[
https://issues.apache.org/jira/browse/HADOOP-3999?page=com.atlassian.jira.plugin.system.issuetabpanels:comment-tabpanel&focusedCommentId=12651962#action_12651962
]
Kai Mosebach commented on HADOOP-3999:
--------------------------------------
The basic capability plugin system is done so far but i have some structural
problems/questions which you hopefully might be able to help me out with:
Status :
- I currently do the execution of the collector-plugins into both, the DataNode
startup as well as the TaskTracker startup.
- The results should be persisted locally with a timestamp so that expensive
plugins (like searching for a binary, harddisk performance checks etc) are not
run too often.
Questions:
- Where should i put the configuration to be available throughout the cluster
(especially to the namenode and to the jobtracker). Would DatanodeInfo be a
good place?
- Would it make sense to merge the capabilities with the generic conf structure?
- Plugins (.class, shell and perl scripts) currently reside in
$HADOOP_HOME/plugins. I am not quite happy with that and not yet sure where to
place them in the build stack. any recommendations?

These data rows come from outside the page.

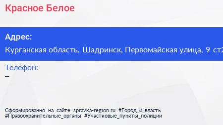 Красное & Белое по адресу Курганская область, Шадринск, Первомайская улица, 9 ст2 в дальнейшем Организация, размещена в следующих категориях: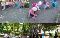 Мы постарались в этот день создать праздничную атмосферу и порадовать детей весёлыми играми, песнями и плясками, рисованием на асфальте, весёлым пусканием мыльных пузырей и конечно же веселыми эстафетами-:)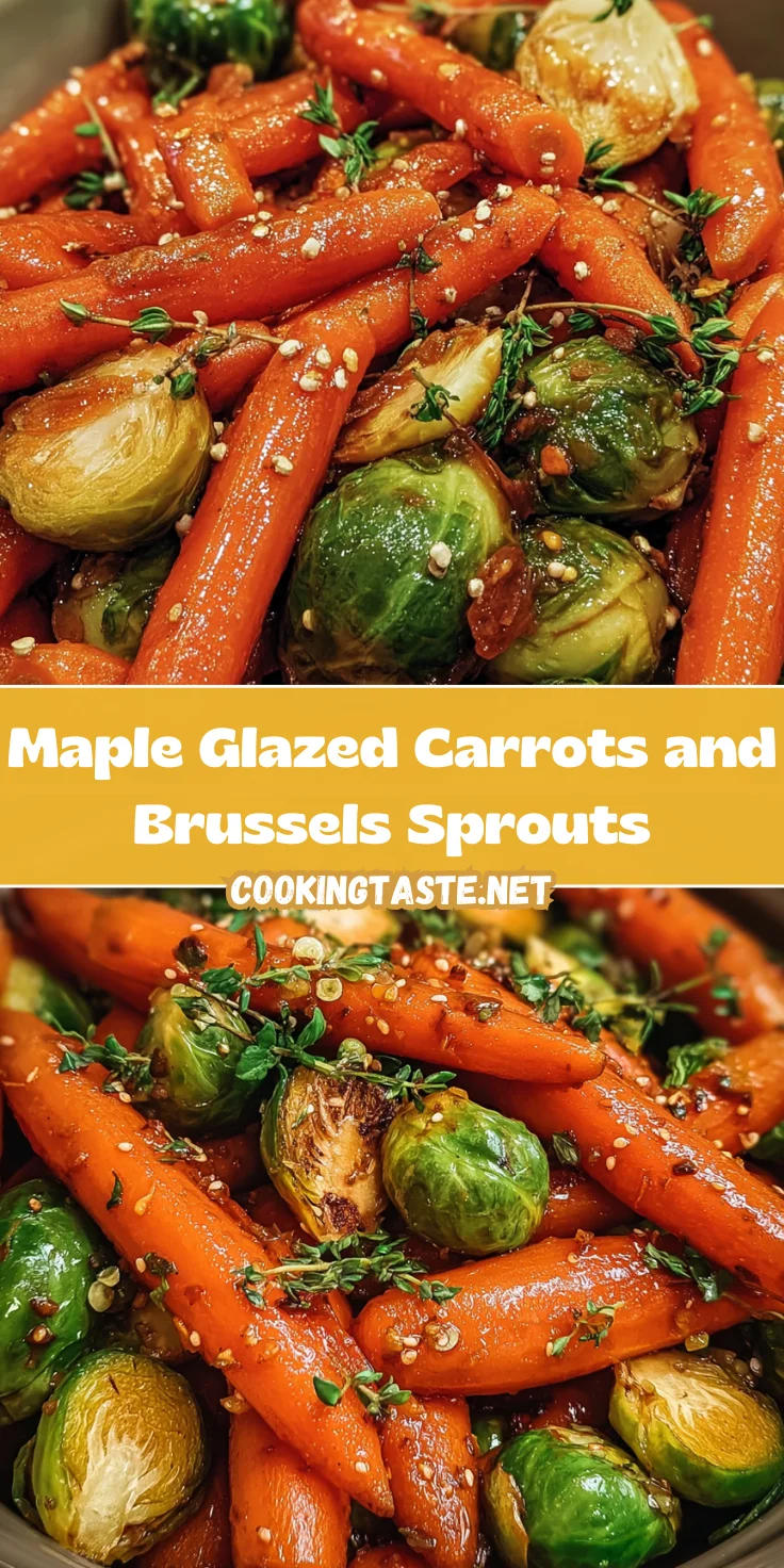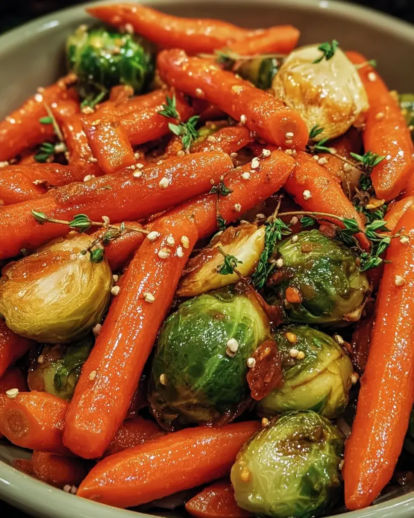 A delicious side dish of tender baby carrots and Brussels sprouts glazed in a sweet maple syrup sauce, perfect for any meal.

Maybe
$HADOOP_HOME/bin/plugins ?
> Need to add host capabilites / abilities
> ----------------------------------------
>
> Key: HADOOP-3999
> URL: https://issues.apache.org/jira/browse/HADOOP-3999
> Project: Hadoop Core
> Issue Type: Improvement
> Components: metrics
> Environment: Any
> Reporter: Kai Mosebach
>
> The MapReduce paradigma is limited to run MapReduce jobs with the lowest
> common factor of all nodes in the cluster.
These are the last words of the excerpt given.